This problem can be rephrased as follows:

You are initially at a set $S_x$ containing $1$. You repeatedly advance to another set containing one or more common elements than your current set, until you reach a set containing $M$. At least how many moves are required?

The equivalence to the original problem is justified by that, for the final sets \(S_{a_1},S_{a_2},\dots,S_{a_k}\) containing \(1\) and \(M\), such a “path” always exists, and that the constraint is worse than the original problem.

If you try to solve the rephrased problem by naively adding edges and performing a BFS (Breadth-First Search), it costs \(\mathrm{O}(N^2)\) time, which does not fit in the limit. Instead, we use a technique that involves a virtual vertex.

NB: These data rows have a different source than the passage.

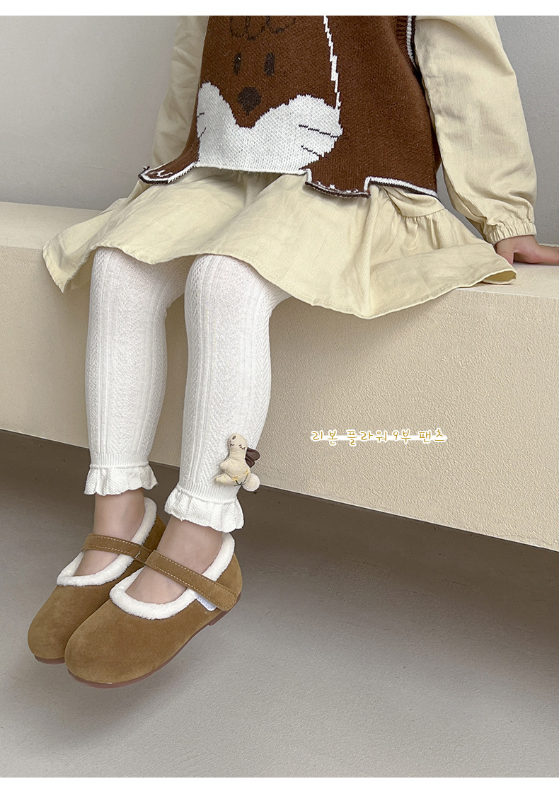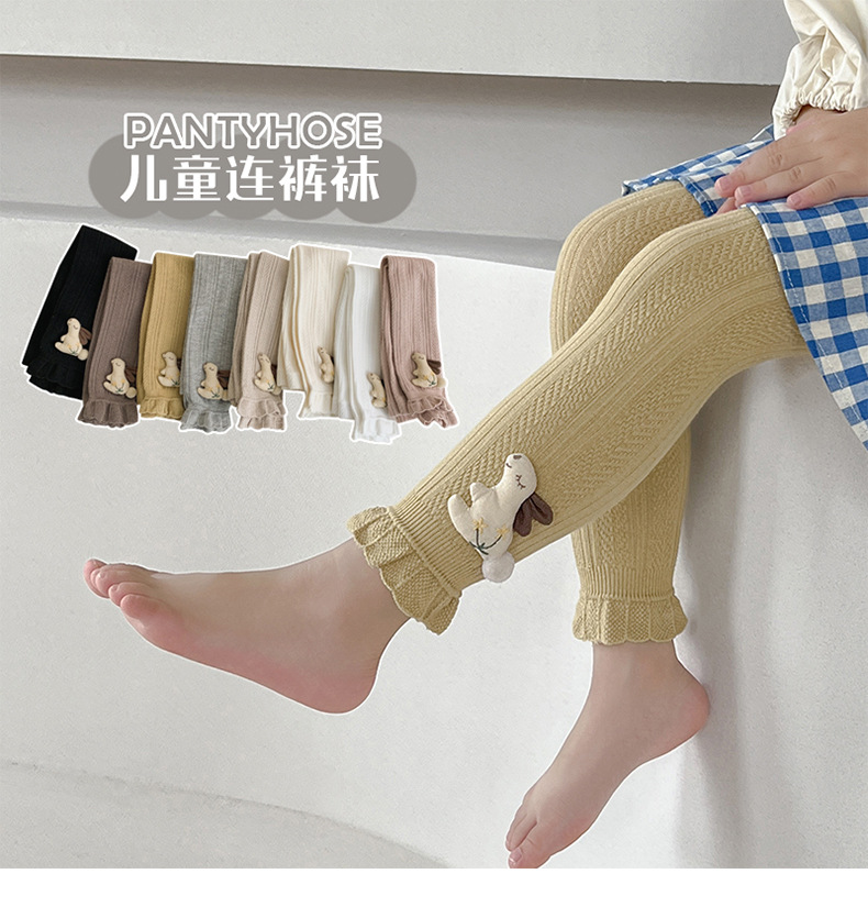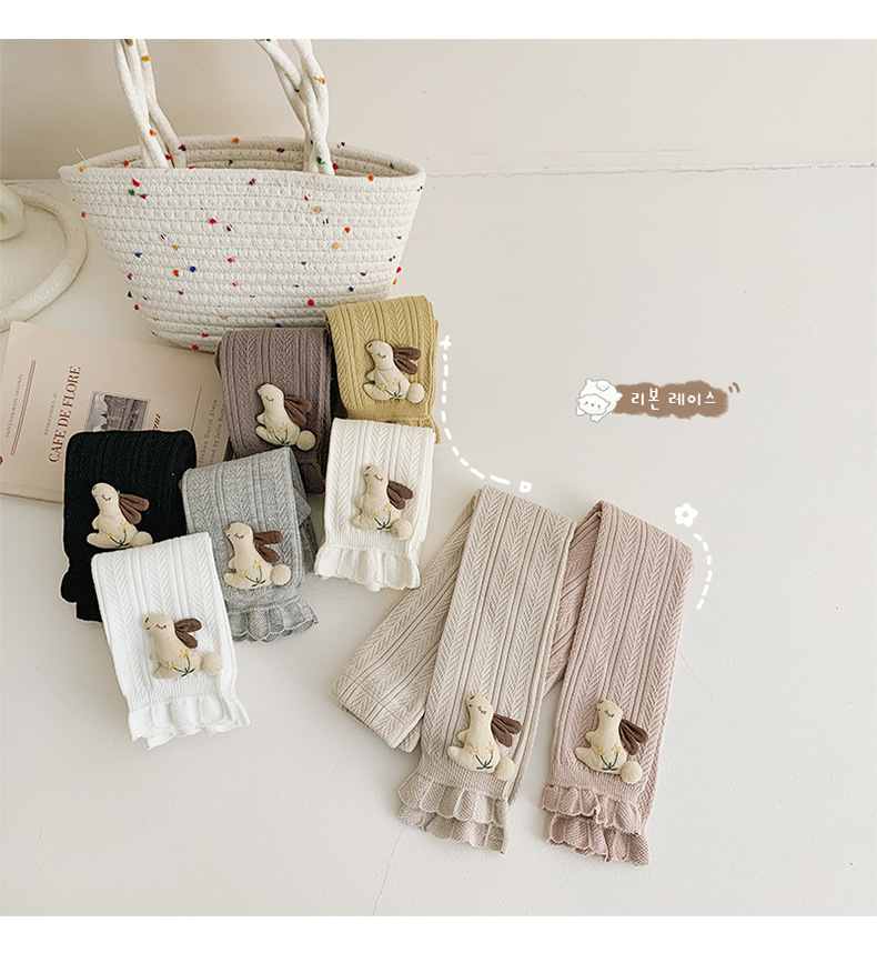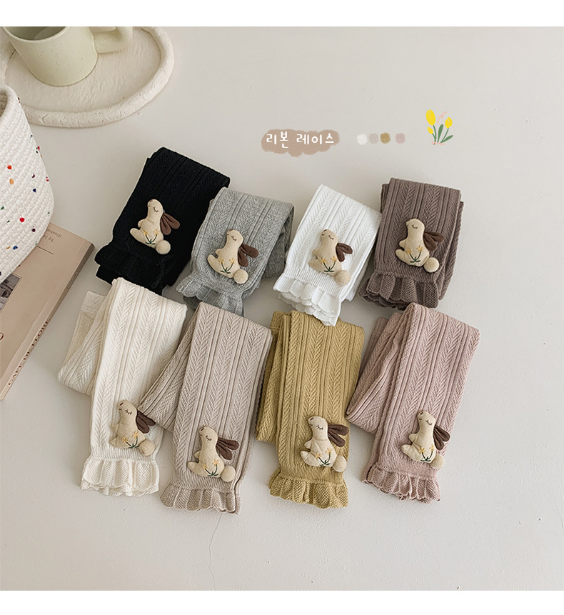 Pantalones para niños de algodón con volantes y pompón de conejo – moda primavera-otoño, para uso exterior.
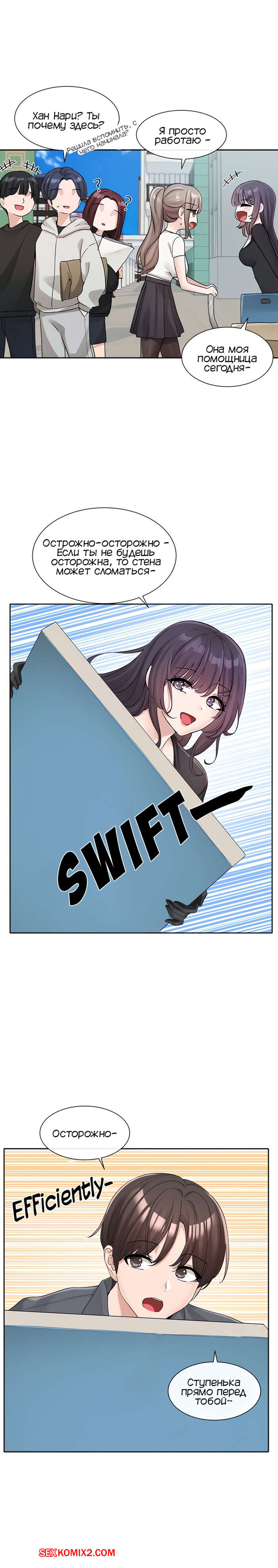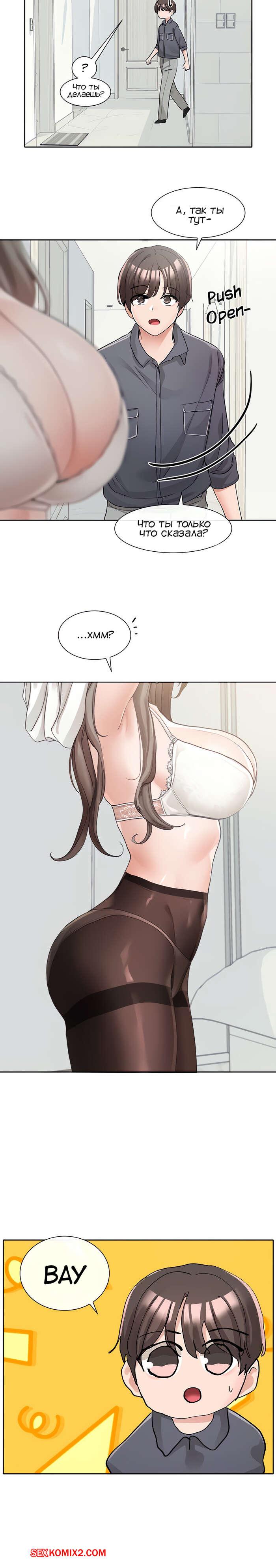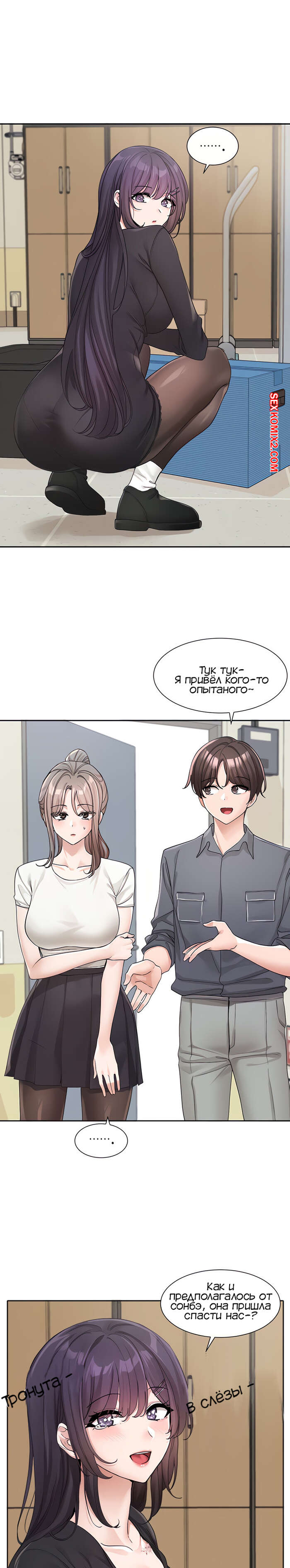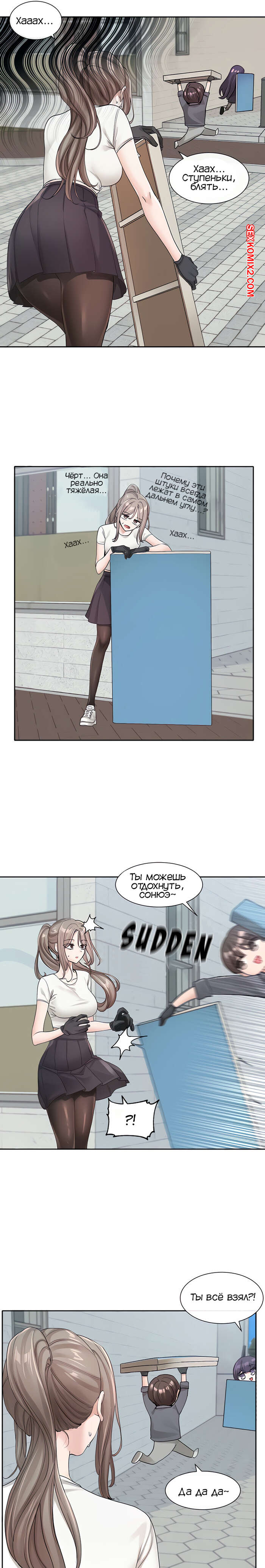 Порно комикс Театральный клуб. Часть 122. Circles. Theater cociety. После репетиции все разошли, остался только ГГ со своей подругой. Он тоже хотел уйти, но девушка его остановила, чтобы поговорить с ним. Парень начал попет после это начала разговора.
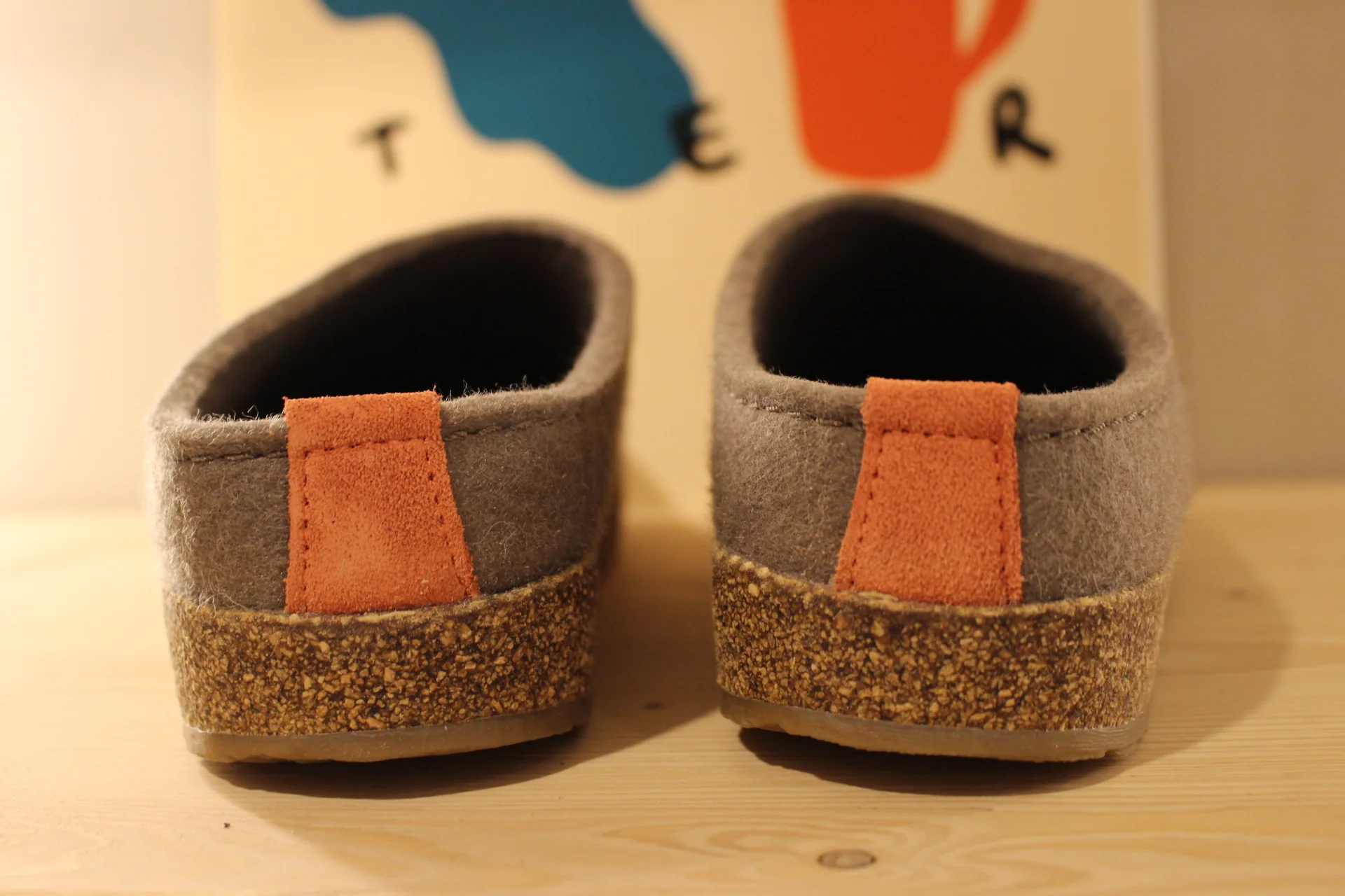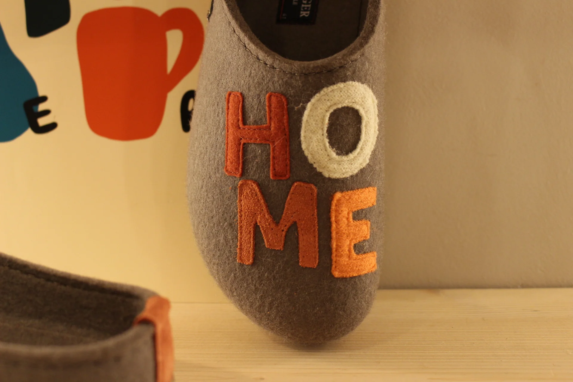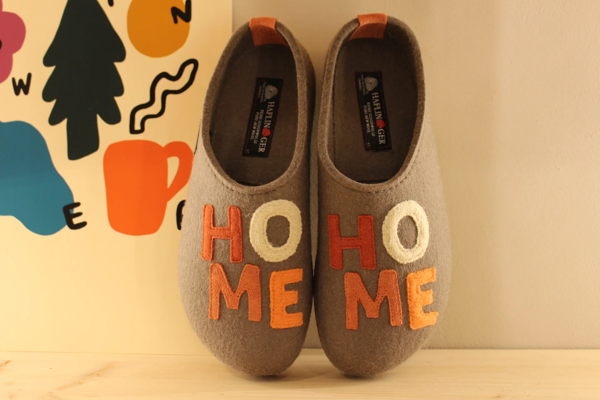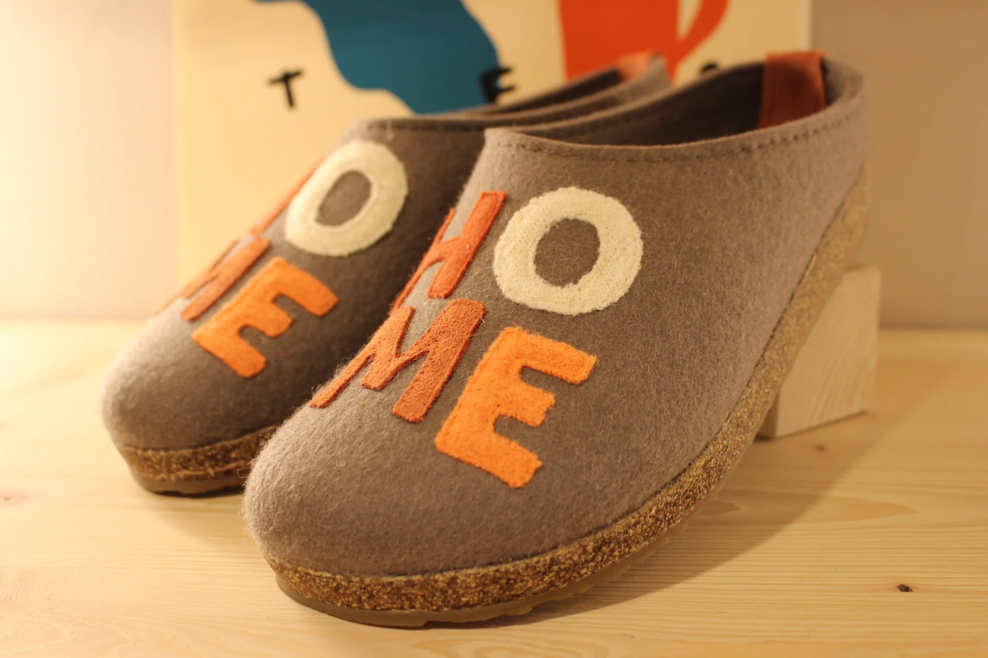 Chaussons HAFLINGER – Grizzly Home. Chaussons coupe sabot en pure laine de couleur marron clair. HOME coloré sur le pied. Retour à l’arrière assez montant pour permettre un meilleur maintien à la marche. Semelle interne en laine avec maintien de la voûte plantaire. Bloc externe montée en liège caoutchouté. Semelle externe en gomme anti-dérapante. On peut aussi marcher en extérieur !!! Il y a du répondant. Prenez une pointure de moins le chaussant est généreux.

We prepare \((N+M)\) vertices. The \(i\)-th (\(1 \le i \le N\)) vertex corresponds to set \(S_i\), and the \(j\)-th (\(N+1 \le j \le N+M\)) vertex corresponds to integer \((j-N)\). We add an edge of length \(1\) between vertex \(i\) and vertex \((j+N)\) if set \(S_i\) contains \(j\). Then, transitions to another set containing the same element are represented by \(\mathrm{O}(\sum A)\) edges. Note however that the answer is doubled, because moving as “set \(\rightarrow\) integer \(\rightarrow\) set” requires two edges.

All that left is to perform BFS on this graph. The complexity is \(\mathrm{O}(N+M+\sum A)\), because this is DFS on a graph with \((N+M)\) vertices and \(\sum A\) edges.